-- Information follows --
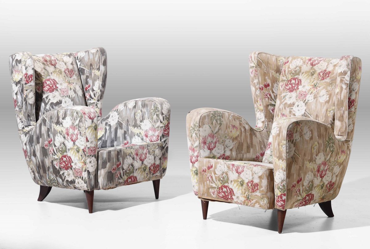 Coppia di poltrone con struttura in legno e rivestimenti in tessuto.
-- Information concluded --
-- Information follows --
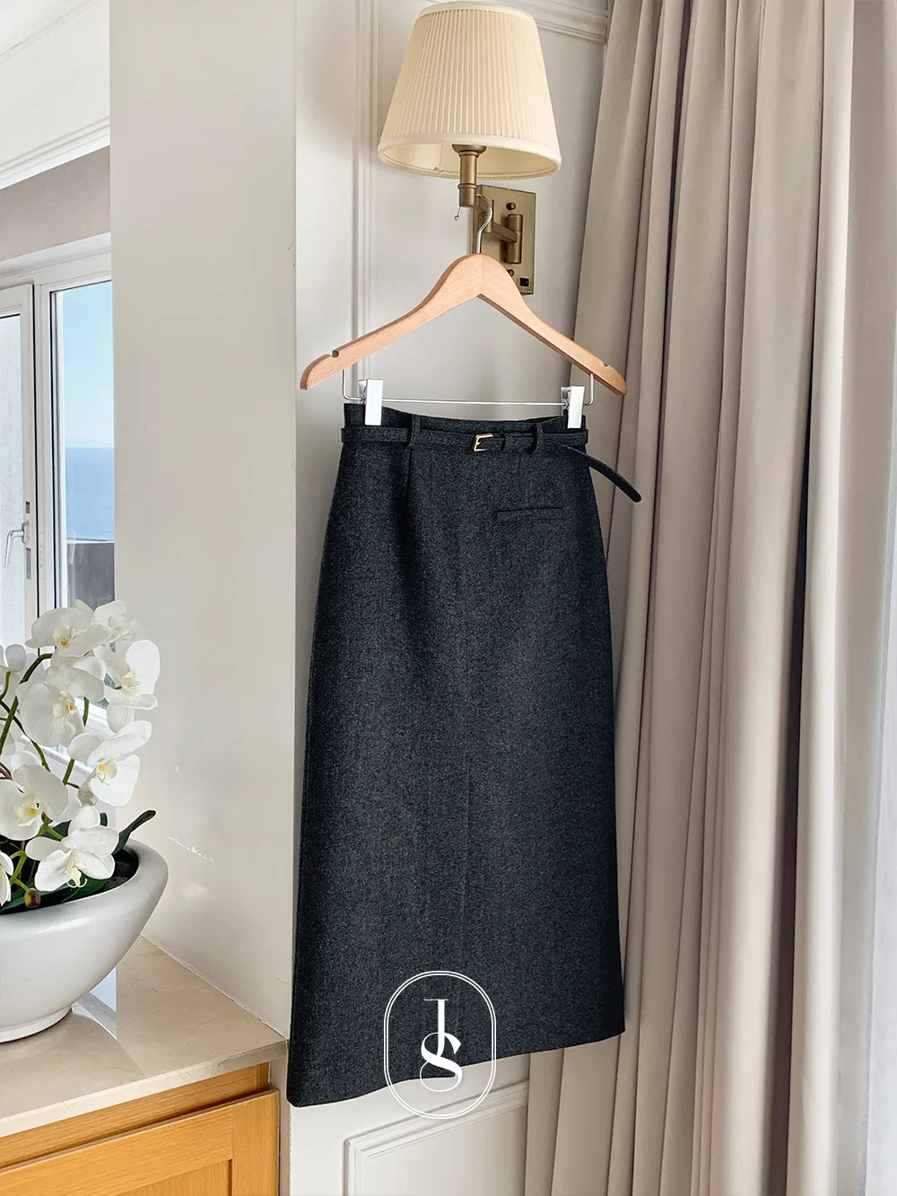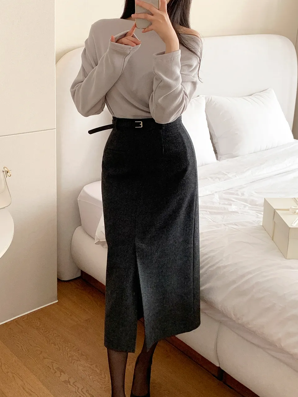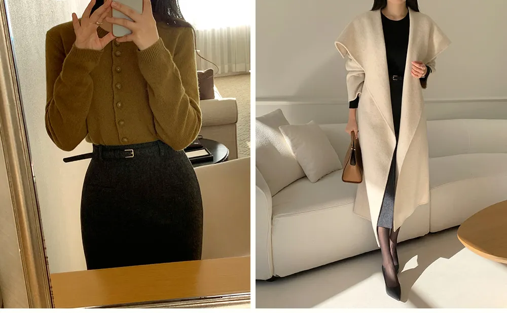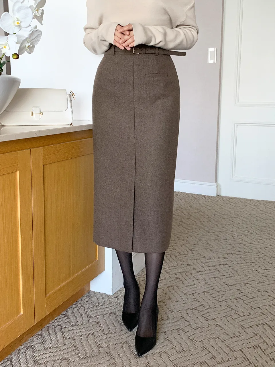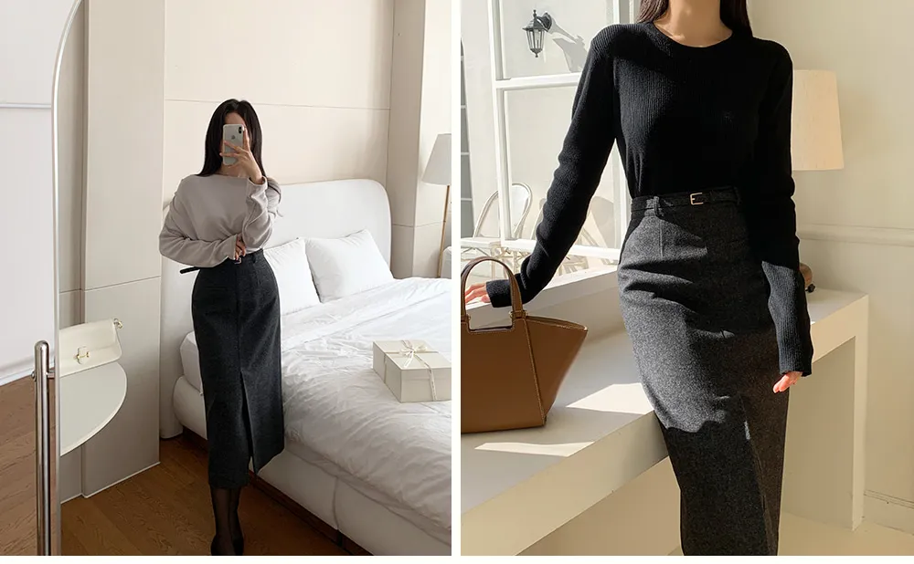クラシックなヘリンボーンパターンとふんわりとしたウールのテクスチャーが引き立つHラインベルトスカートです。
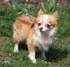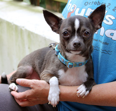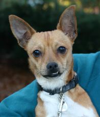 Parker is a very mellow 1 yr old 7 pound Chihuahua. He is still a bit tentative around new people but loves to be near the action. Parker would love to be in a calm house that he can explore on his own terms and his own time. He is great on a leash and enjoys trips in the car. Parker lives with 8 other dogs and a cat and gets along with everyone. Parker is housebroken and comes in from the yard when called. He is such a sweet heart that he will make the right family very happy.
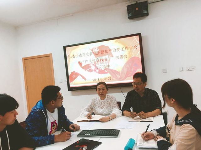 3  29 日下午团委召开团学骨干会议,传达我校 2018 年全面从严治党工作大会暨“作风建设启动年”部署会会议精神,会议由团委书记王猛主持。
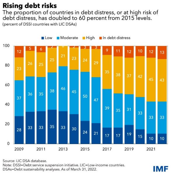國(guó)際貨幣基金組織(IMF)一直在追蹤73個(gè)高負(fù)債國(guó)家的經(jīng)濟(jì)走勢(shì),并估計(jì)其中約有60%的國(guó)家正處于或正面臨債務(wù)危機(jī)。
-- Information concluded --
-- Information follows --
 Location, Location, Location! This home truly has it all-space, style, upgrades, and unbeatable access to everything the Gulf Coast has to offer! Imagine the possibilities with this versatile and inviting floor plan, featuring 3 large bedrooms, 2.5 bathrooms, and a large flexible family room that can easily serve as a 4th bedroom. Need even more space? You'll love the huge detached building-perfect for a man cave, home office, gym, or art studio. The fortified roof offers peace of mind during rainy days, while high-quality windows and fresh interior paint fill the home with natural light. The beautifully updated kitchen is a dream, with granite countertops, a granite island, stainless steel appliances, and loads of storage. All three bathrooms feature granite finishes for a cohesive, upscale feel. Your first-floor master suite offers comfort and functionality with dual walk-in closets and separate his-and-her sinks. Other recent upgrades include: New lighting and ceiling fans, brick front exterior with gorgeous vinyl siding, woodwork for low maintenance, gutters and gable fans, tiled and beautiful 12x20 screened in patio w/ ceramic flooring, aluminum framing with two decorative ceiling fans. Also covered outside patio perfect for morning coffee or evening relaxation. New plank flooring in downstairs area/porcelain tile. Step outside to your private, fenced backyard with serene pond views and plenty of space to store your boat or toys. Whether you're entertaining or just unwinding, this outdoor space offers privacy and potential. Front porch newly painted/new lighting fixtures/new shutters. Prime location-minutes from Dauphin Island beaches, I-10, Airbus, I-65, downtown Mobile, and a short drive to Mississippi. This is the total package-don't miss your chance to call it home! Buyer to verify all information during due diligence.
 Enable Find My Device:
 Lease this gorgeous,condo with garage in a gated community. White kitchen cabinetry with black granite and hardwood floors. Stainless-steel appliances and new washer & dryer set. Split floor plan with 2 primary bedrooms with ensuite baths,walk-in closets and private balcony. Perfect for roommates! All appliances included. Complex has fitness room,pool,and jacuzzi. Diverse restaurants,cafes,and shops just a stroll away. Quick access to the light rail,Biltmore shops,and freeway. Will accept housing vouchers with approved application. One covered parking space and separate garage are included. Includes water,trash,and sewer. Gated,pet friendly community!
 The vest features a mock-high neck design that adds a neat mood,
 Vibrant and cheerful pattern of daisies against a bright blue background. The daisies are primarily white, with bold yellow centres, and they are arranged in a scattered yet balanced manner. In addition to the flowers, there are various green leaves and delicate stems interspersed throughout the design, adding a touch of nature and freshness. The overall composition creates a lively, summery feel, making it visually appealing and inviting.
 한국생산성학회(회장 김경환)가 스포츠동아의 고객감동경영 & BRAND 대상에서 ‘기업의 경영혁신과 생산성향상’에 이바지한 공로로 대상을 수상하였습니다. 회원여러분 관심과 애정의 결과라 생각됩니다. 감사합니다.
-- Information concluded --
What you are asked to do: Going by the data above, the answer is exactly the lines from the one holding "3  29 日下午团委召开团学骨干会议,传达我校 2018" to the one holding "國(guó)際貨幣基金組織(IMF)一直", both kept, with the pictures left out.

Task output:
 3  29 日下午团委召开团学骨干会议,传达我校 2018 年全面从严治党工作大会暨“作风建设启动年”部署会会议精神,会议由团委书记王猛主持。
國(guó)際貨幣基金組織(IMF)一直在追蹤73個(gè)高負(fù)債國(guó)家的經(jīng)濟(jì)走勢(shì),并估計(jì)其中約有60%的國(guó)家正處于或正面臨債務(wù)危機(jī)。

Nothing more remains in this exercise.